Shaquille O"Neal"s currently $16.5 million Florida mansion is tho on the market -- and underwent a huge makeover
*

After just one season v the Chicago Bulls, a team starved because that a brand-new messiah because Michael Jordan"s retirement, Jay Williams destroyed his career as soon as he suffered a horrific motorcycle accident. In an instant, the guy with probably as fast a first step together any allude guard in background could no much longer do anything because that himself, including walk.
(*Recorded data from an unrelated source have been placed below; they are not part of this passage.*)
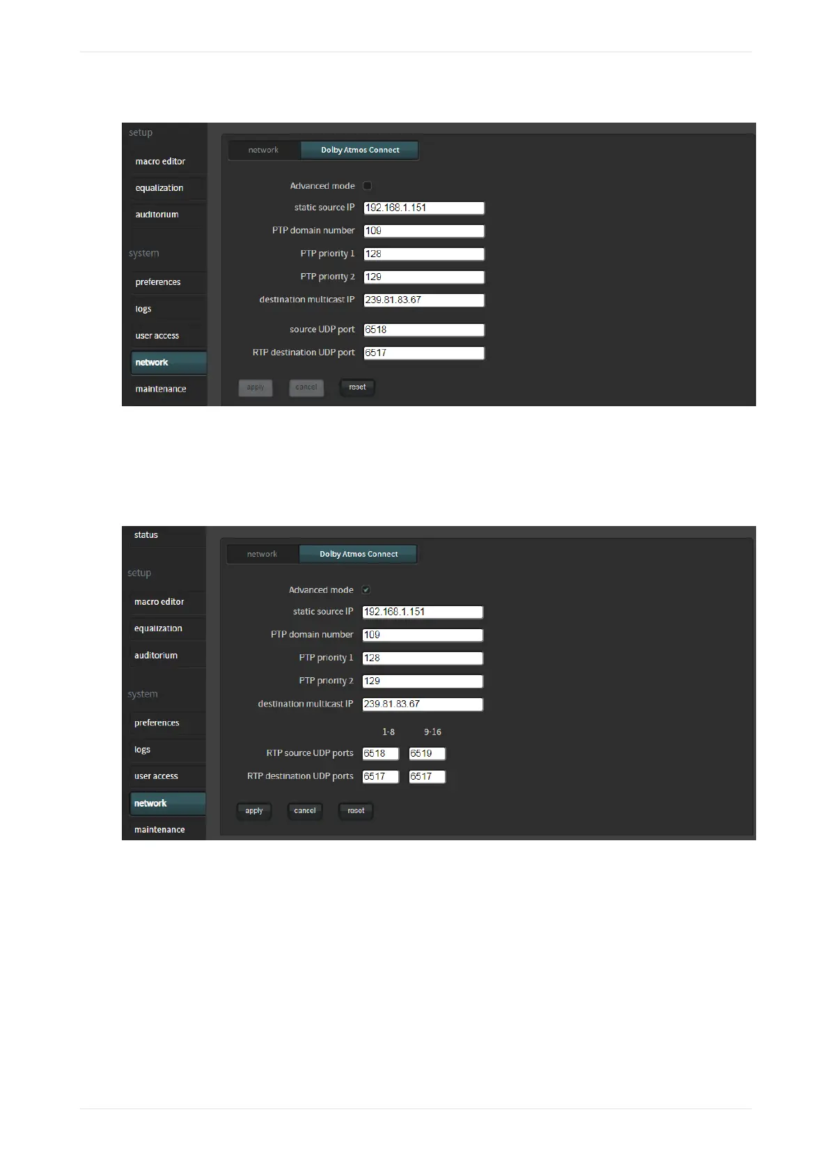 Figure 102: Setting up Dolby Atmos Connect advanced mode for CP950
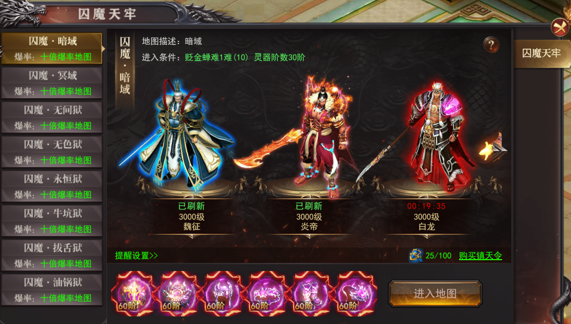 (3)击杀天牢怪物会扣除一定镇天令,镇天令不足时无法对B0SS造成伤害
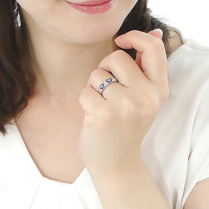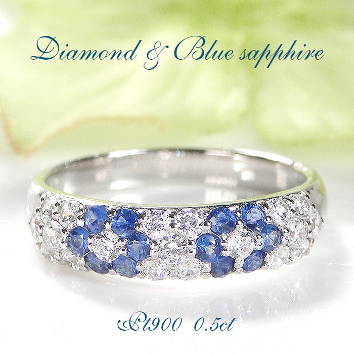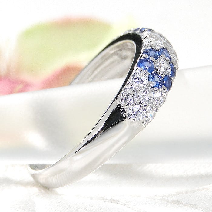 指輪 プラチナ PT900 ダイヤモンド 0.5ct ブルーサファイア レディース リング フラワー 花 パヴェ 月甲丸 カラーストーン 誕生石【f236-pt-bs】 ALPAZ101
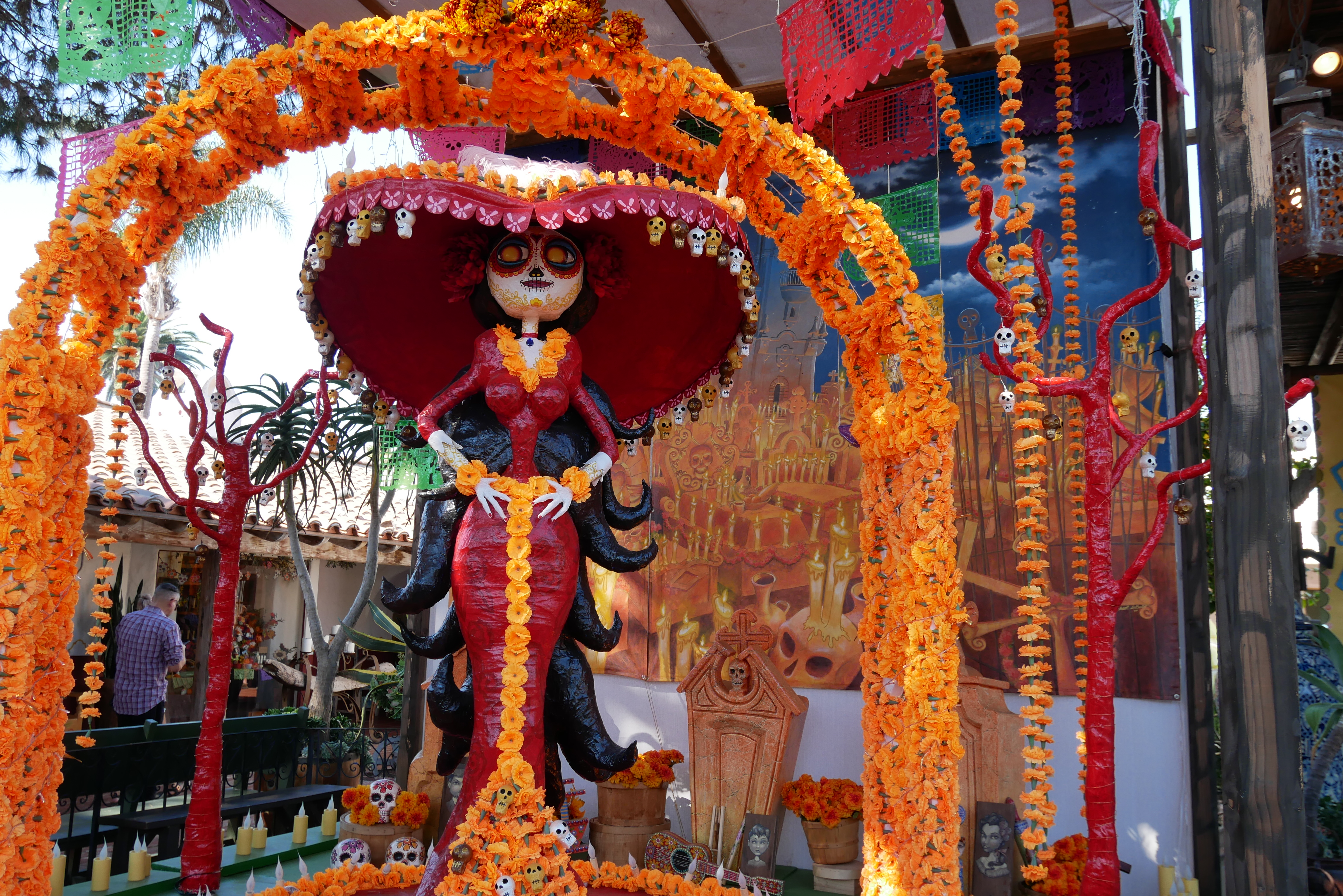 Are you familiar with Day of the Dead? Also known as Dia de los Muertos, this long-standing Mexican tradition is two-day celebration held on November 1st and 2nd each year. It is a time to remember and joyously celebrate the dearly departed in a lively, festive way. Families create special altars to honor and remember their loved ones. In addition to placing the deceased’s favorite things on the altar, items such as sugar skulls (las calaveras de azúcar), yellow marigold flowers, and candles are also displayed. If you are in San Diego, a visit to Old Town is the go-to destination for Dia de los Muertos. Let’s take a closer look at celebrating Day of the Dead in Old Town San Diego.

In "Life Is not An Accident," Jay Williams share his story -- both heartbreaking and uplifting -- of gift a young male trying to wrest regulate of his life from his overinvolved parents, from the pleasures and also perils of fame and money, and from the near-fatal failure that intimidated to define him.

After a decade invested recovering from his injuries -- the rehabilitations, the comeback attempts, the expert forays right into the seedy underside of sports agenting -- Williams recounts v a rarely honesty his hard-fought course to university basketball stardom and the ache lessons he has actually learned if reconstructing his broken adulthood.

You are watching: Life is not an accident a memoir of reinvention

The adhering to is an excerpt indigenous "Life Is no an Accident: A Memoir the Reinvention" by Jay Williams.

On the day I almost died, i remember waking native an afternoon nap to the complete glory that the sun hanging over the lake prefer the pointer of a sparkler. The understand bedroom in my place in Chicago had floor-to-ceiling windows and a wraparound deck v a patio that linked to the living room. You could turn left and see the skyscrapers. Turn to the right and there to be Lake Michigan, looking as countless as an ocean. The was among three modern-inspired devices on the 40th floor the the Park Hyatt on Michigan Avenue. I had been over there just about a year, and every time I opened the prior door, I would certainly step right into the foyer in shock at exactly how my life had substantially changed. It was spectacular.

In places like Los Angeles or Miami, you take days prefer June 19, 2003, because that granted. But in Chicago, whereby the winters space so cold, dark, and long that the locals speak to it Chiberia, days choose these room treated like precious jewels. While standing in prior of the home window in mine bedroom, ns took a deep breath and gazed upon my brand-new city of dreams. I got to out and pressed my hand versus the home window to feel the warmth of the light and thought come myself, this particular day is walking to it is in an remarkable day.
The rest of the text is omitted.